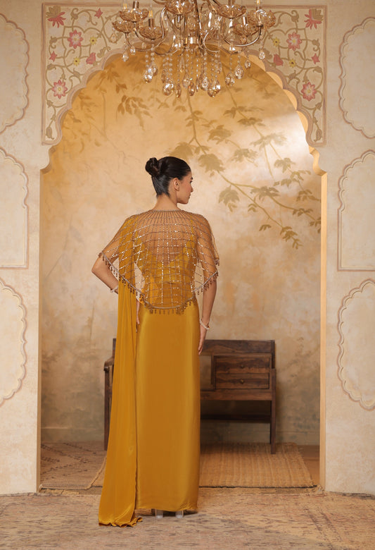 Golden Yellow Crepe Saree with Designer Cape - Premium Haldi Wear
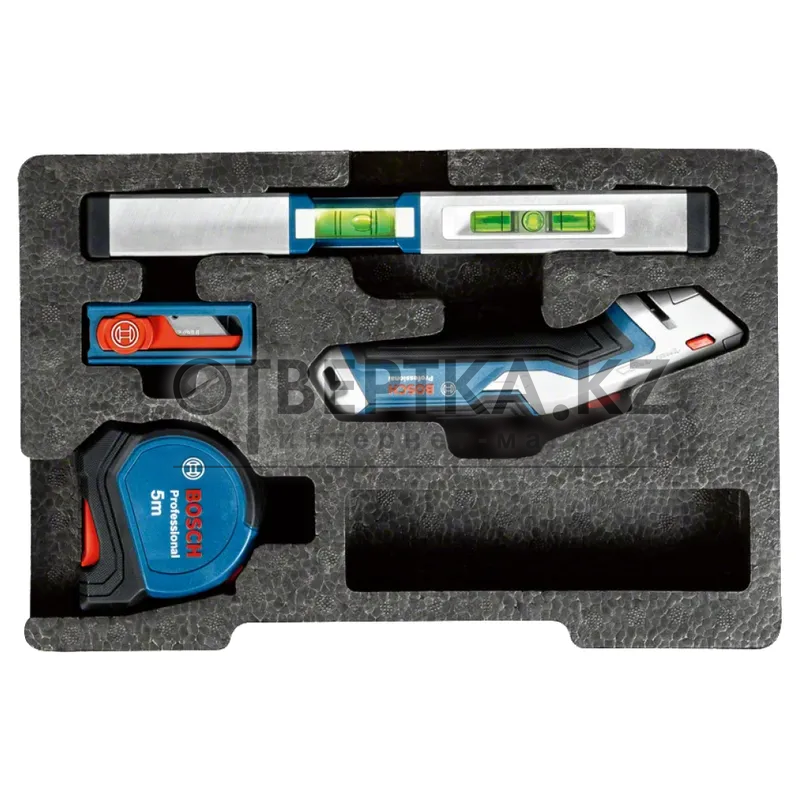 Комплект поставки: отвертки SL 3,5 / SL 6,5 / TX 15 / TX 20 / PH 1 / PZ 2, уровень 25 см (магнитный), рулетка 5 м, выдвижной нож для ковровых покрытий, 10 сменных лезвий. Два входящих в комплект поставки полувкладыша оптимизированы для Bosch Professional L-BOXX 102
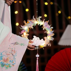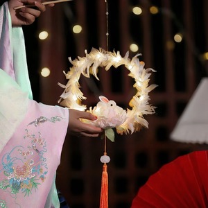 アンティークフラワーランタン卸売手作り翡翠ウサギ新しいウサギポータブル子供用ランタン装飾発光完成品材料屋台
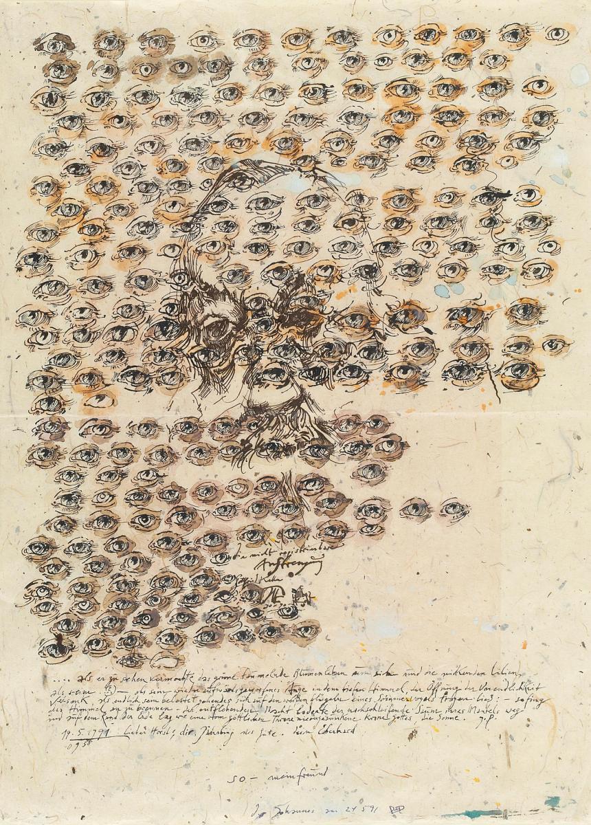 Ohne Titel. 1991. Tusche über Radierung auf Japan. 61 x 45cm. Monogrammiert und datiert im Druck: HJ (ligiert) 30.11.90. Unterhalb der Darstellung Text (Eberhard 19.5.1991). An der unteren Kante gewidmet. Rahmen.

****************************************

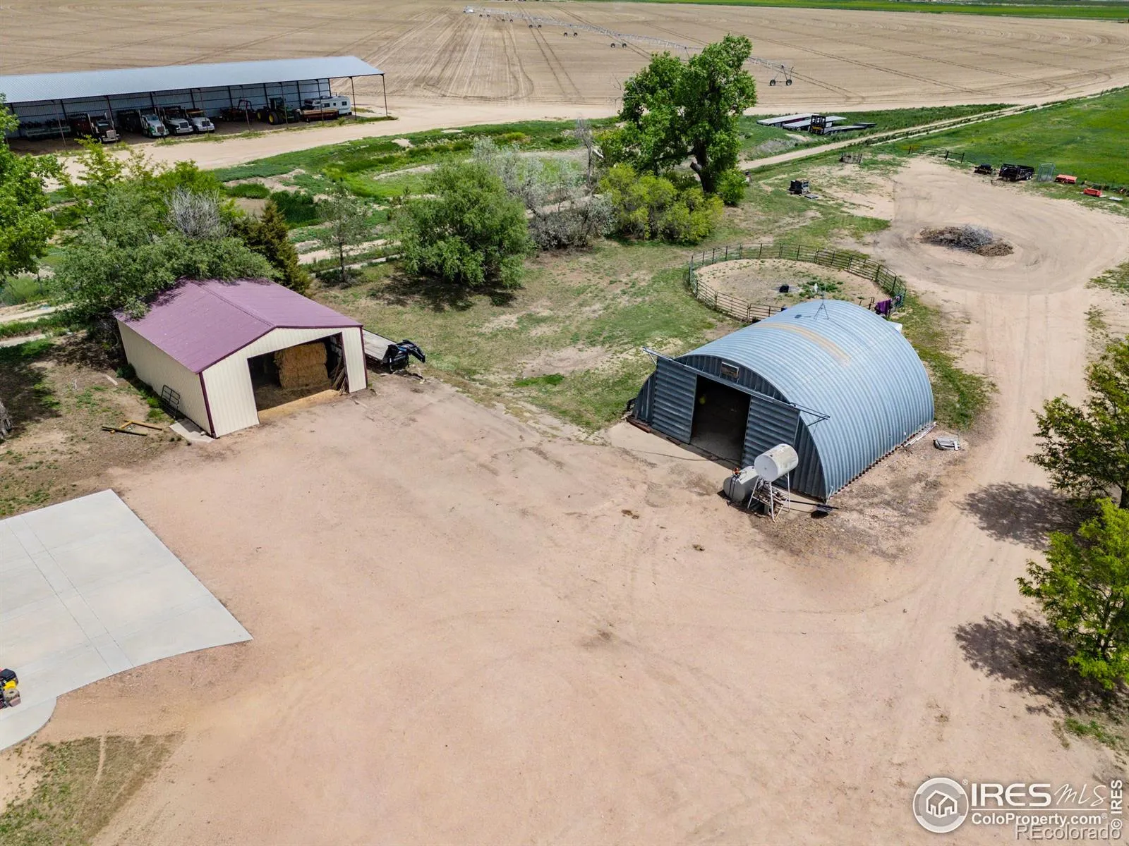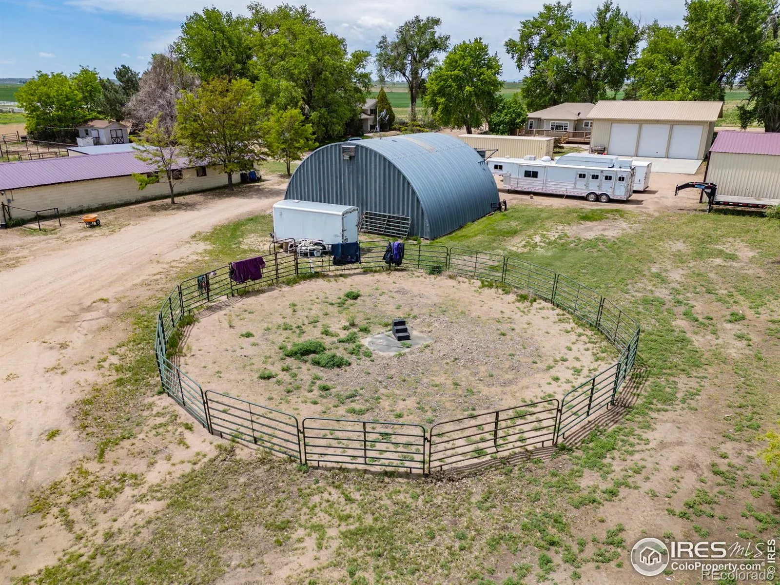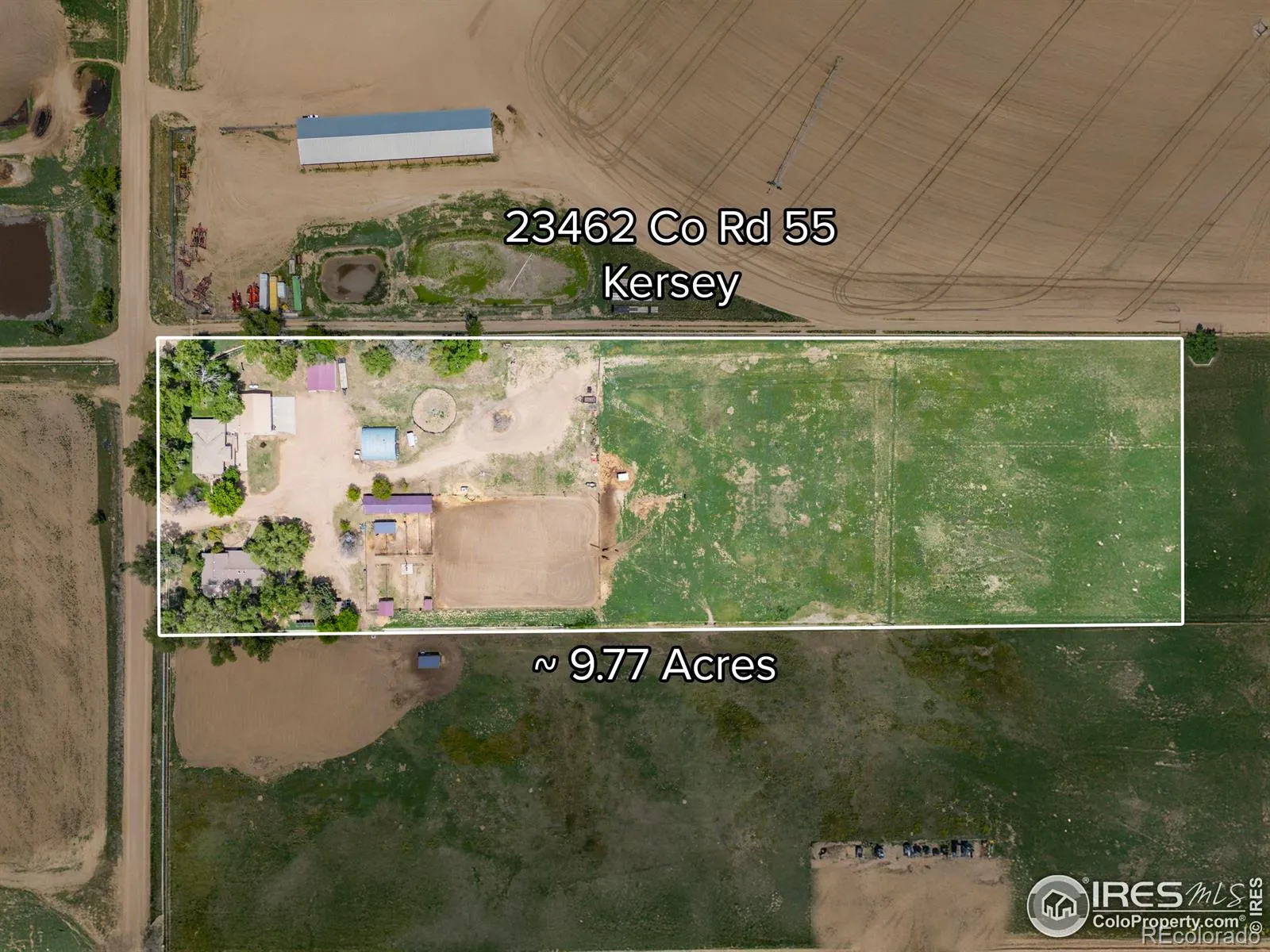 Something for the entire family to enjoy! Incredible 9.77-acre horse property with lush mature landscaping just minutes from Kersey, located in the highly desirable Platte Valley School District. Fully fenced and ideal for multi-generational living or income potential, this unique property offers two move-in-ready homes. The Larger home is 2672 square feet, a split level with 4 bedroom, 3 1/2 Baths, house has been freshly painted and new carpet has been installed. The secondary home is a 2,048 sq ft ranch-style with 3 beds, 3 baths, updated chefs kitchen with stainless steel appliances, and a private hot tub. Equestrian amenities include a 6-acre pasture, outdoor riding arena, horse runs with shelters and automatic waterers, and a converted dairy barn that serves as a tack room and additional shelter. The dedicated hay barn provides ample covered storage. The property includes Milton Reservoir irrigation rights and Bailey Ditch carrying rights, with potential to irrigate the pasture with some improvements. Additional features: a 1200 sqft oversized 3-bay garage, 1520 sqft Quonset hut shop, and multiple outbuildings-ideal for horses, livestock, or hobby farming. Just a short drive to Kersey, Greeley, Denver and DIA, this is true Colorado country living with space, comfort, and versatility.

****************************************

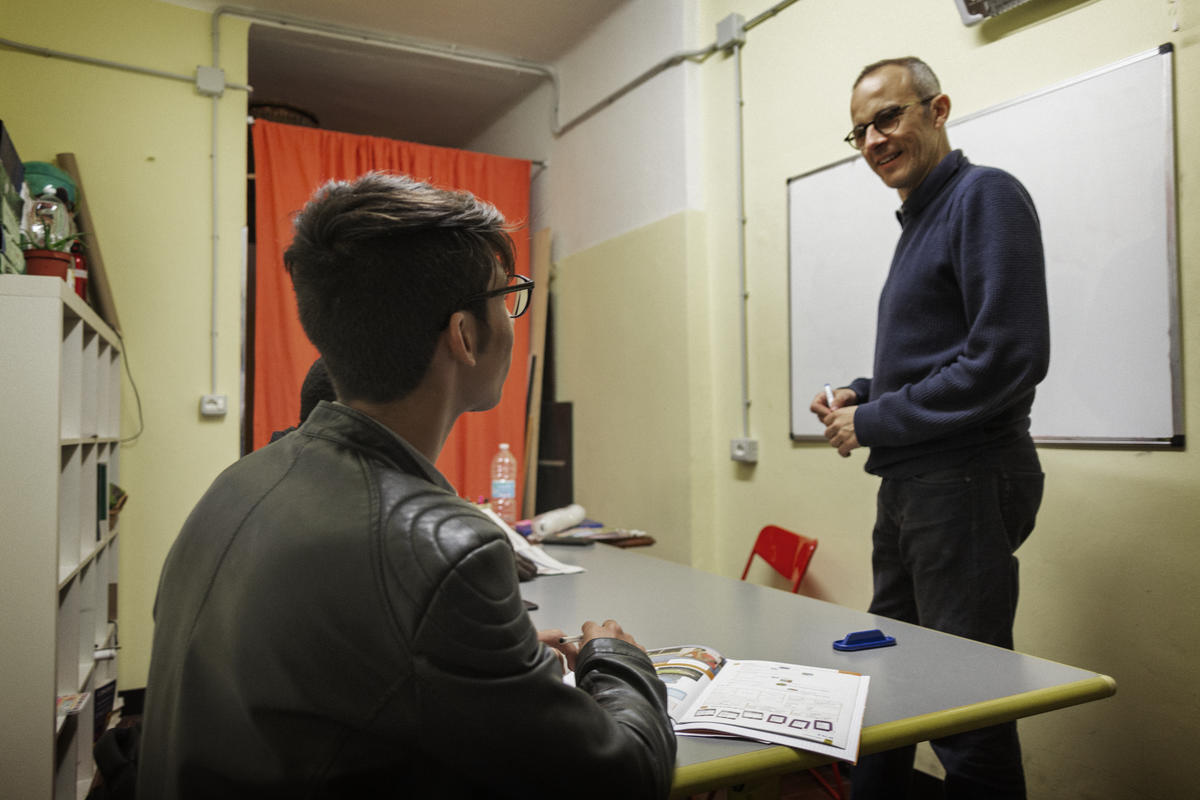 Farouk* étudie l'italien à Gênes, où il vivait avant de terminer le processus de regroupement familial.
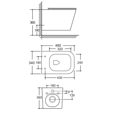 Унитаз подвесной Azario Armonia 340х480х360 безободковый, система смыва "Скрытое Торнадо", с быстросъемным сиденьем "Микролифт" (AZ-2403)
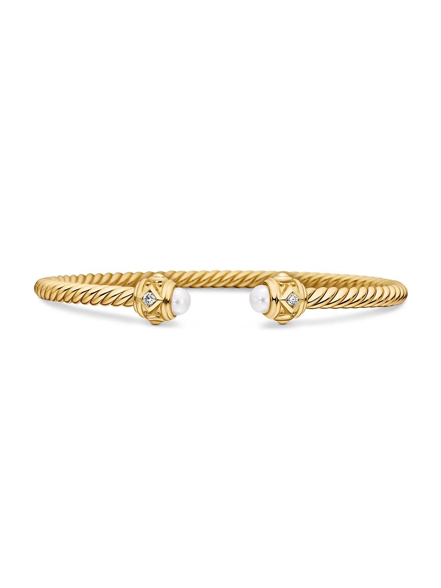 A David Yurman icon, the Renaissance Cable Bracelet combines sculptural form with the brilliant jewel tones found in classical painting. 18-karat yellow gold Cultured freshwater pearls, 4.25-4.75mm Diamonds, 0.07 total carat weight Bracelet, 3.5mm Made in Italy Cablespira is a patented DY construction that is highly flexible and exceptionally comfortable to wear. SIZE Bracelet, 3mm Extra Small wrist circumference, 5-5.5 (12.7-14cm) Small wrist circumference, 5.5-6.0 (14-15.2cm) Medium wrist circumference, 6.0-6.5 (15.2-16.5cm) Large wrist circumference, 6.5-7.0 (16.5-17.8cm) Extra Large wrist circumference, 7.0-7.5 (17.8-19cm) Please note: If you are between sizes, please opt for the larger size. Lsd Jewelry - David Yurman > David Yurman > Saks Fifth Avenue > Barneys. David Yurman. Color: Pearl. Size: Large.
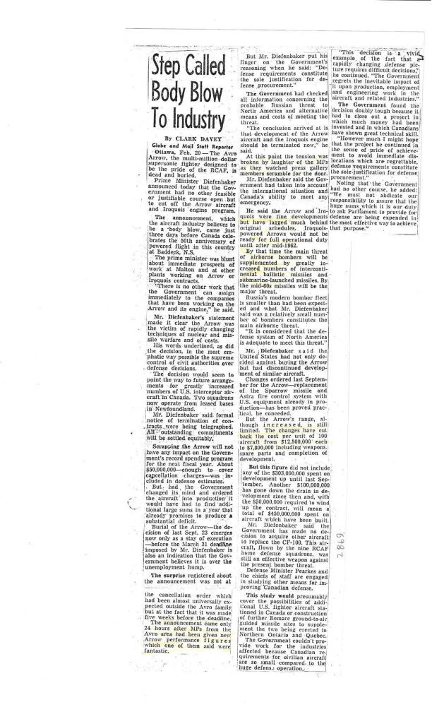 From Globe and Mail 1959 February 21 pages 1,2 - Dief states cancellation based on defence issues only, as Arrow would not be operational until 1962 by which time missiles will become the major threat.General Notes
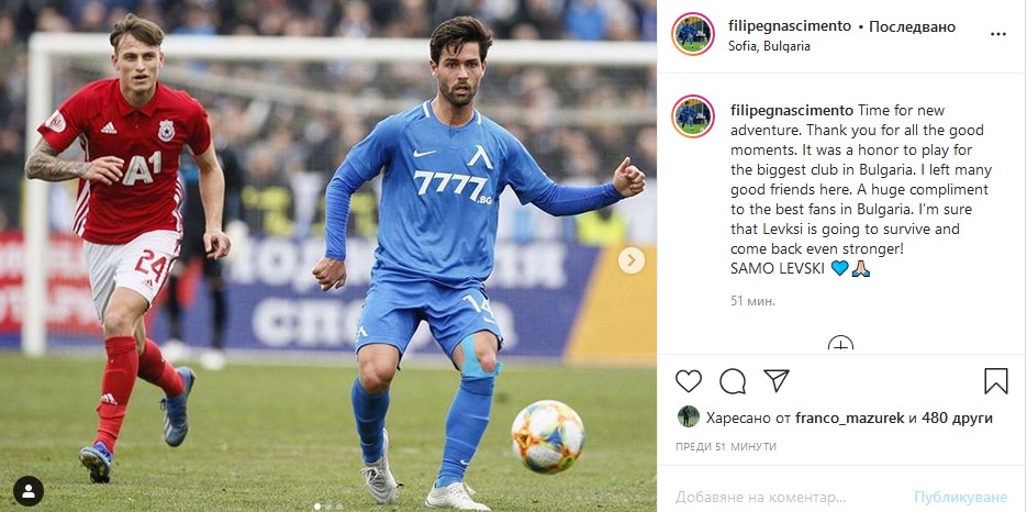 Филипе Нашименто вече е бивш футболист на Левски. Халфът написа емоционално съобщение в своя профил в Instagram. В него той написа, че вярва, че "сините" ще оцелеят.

****************************************

— Task to complete —
Retype, exactly and with no pictures, everything above from the line with "From Globe and" down to the line with "Филипе Нашименто вече", both included.

— Task output —
 From Globe and Mail 1959 February 21 pages 1,2 - Dief states cancellation based on defence issues only, as Arrow would not be operational until 1962 by which time missiles will become the major threat.General Notes
 Филипе Нашименто вече е бивш футболист на Левски. Халфът написа емоционално съобщение в своя профил в Instagram. В него той написа, че вярва, че "сините" ще оцелеят.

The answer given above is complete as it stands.